> [Available data]

▬▬▬

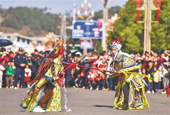 2月18日,人們?cè)谫F州省龍里縣民俗踩街活動(dòng)中表演太平花燈戲。
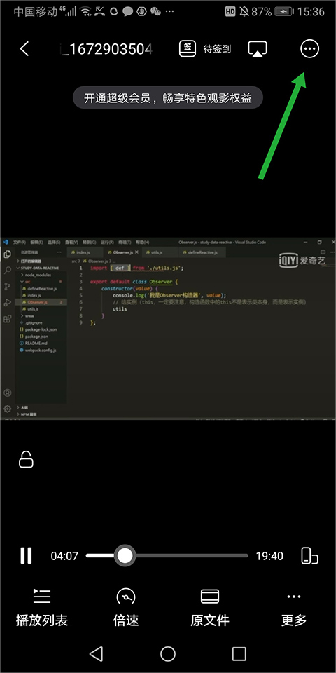 1、首先用户在阿里云盘苹果版中观看视频时点击播放页面的任意位置,接着点击右上角的扩展按钮(下图绿色箭头所指)
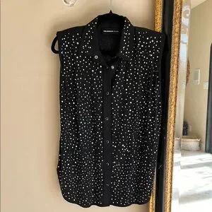Stylish sleeveless shirt by The Kooples. Features a black base with silver Rhinestones. Perfect for a chic cowboy -boho look

▬▬▬

> [Brief]
Return to the listing above and set it down exactly, leaving out its pictures.

> [Exercise solution]
 2月18日,人們?cè)谫F州省龍里縣民俗踩街活動(dòng)中表演太平花燈戲。
 1、首先用户在阿里云盘苹果版中观看视频时点击播放页面的任意位置,接着点击右上角的扩展按钮(下图绿色箭头所指)
Stylish sleeveless shirt by The Kooples. Features a black base with silver Rhinestones. Perfect for a chic cowboy -boho look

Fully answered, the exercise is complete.